Guy Kawasaki is one of the sharpest knifes in the drawer when it comes to the power of social media. Kawasaki likes to challenge those with pre-conceived notions of how all this social media works. Here are some tips from a man who has 289,000 likes for his page on Facebook, 1.5 Million followers on Twitter, and 1.6 Million followers on LinkedIn. He is in wide demand as a seminar leader and keynote speaker and also has several best selling books where he is generous about sharing his wisdom and best practices with audiences.
Kawasaki says it is highly beneficial to re-post the same content multiple times in multiple social media networks. One reason is that the audience comes and goes. This way, you are more certain to get everyone in your audience. Kawasaki’s Twitter strategy is to post content four times, eight hours apart — and he receives four times the amount of clicks by doing so.
Another key to successful reposting is when people in your circle of influence can repost your content. No one is able to be connected to everyone, and there is always the possiblity that a re-post by someone other than yourself could have significant impact on the ultimate viewer. It also creates good networks of links, for which the search engines like Google, Yahoo and Bing look.
A link to some site or landing page should be in every possible post according to Kawasaki. When possible, try to include the original source of the link.

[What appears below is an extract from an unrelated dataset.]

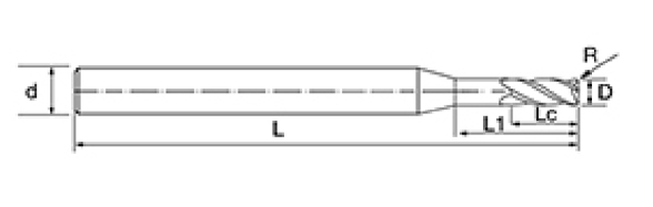 | Серия инструментов | Диаметр | Радиус | Угловой радиус | Длина CR | Эффективная длина | Общая длина | Диаметр хвостовика | |||

At the minimum, give the source credit. If you have a social media profile, your job is to become a curator. This is part of the value which you provide on social media: curate and sort the Internet gold from the junk, and share the good with your audience. Don’t hold back. Content is more likely to be shared if the topic is popular and good. One key is to share trends to find relevant subjects that you can include in your content.
All brands and individuals should create a social media strategy that works best for them. But it doesn’t hurt to take tips from an influencer with over 7 million followers across all his social media networks. Kawasaki’s has a couple of key rules of thumb: 1) “Don’t take anything as gospel in social media” and 2) “Never trust a social media expert that has fewer followers than you.”